The best design and architecture of 2025
Briefly

The best design and architecture of 2025
"In a case of contents outshining the container, the V&A's national museum of everything takes the public up close and personal to a gallimaufry of precious things, from porcelain to poison darts, textiles to tiaras. Elegantly shoehorned into the gargantuan hangar that was originally the broadcasting centre for the 2012 Olympics, it's an Amazon warehouse crammed with global treasures, setting visitors off on an odyssey of curated transgression through an immersive cabinet of curiosities."
"Subtly abstracting Islamic architectural precepts for the current age, a new social and cultural centre for Houston's Ismaili community, which will also be enjoyed by the wider public, evokes an experiential serenity that recalls the laconic simplicity of minimalist art. Beautifully built and characterised by an inviting sense of openness, it's a renewal rather than a reproduction, says its architect Farshid Moussavi; a nuanced distillation of geometric and spatial possibilities set within a luxuriant garden landscape."
"As the Pompidou Centre bids adieu for a five-year long renovation, its final architecture show was devoted to the work of Austrian architect Hans Hollein, a postmodernist provocateur who navigated the currents of the avant garde for five decades while designing everything from exquisite jewellery shops to pneumatic structures. Infamously, he proposed reducing architecture to a series of pills contrived to conjure spatial and sensorial experiences without going to the bother of actually constructing a building."

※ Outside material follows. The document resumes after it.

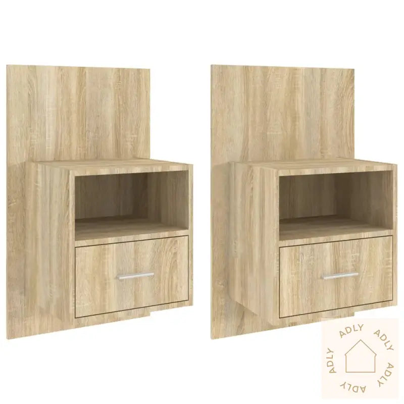 Skrue(r) og plugg(er) for montering i vegg følger ikke med. Bruk skrue(r) og plugg(er) som passer til din veggtype. Om du er usikker, søk profesjonell hjelp. Les og følg veiledningene nøye for montering.Farge: Sonoma eikMateriale: Konstruert treSamlet mål: 48,5 x 32,5 x 80 cm (B x D x H)Mål (bare nattbord): 38 x 31 x 39,5 cm (B x D x H)Montering kreves: jaLeveransen inneholder:2 x vegghengte nattbord

The V&A transformed a gargantuan 2012 Olympics broadcasting hangar into a densely curated national museum of everything, juxtaposing porcelain, poison darts, textiles and tiaras within an immersive cabinet of curiosities. Diller Scofidio + Renfro adapted the space into an Amazon-warehouse-like storehouse that sets visitors on an odyssey of curated transgression. A new Ismaili social and cultural centre in Houston subtly abstracts Islamic architectural precepts to evoke experiential serenity and minimalist simplicity, prioritising openness and a nuanced geometric distillation within a luxuriant garden. The Pompidou concluded with a Hans Hollein retrospective highlighting his postmodern provocations, including a proposal to reduce architecture to sensorial 'pills'.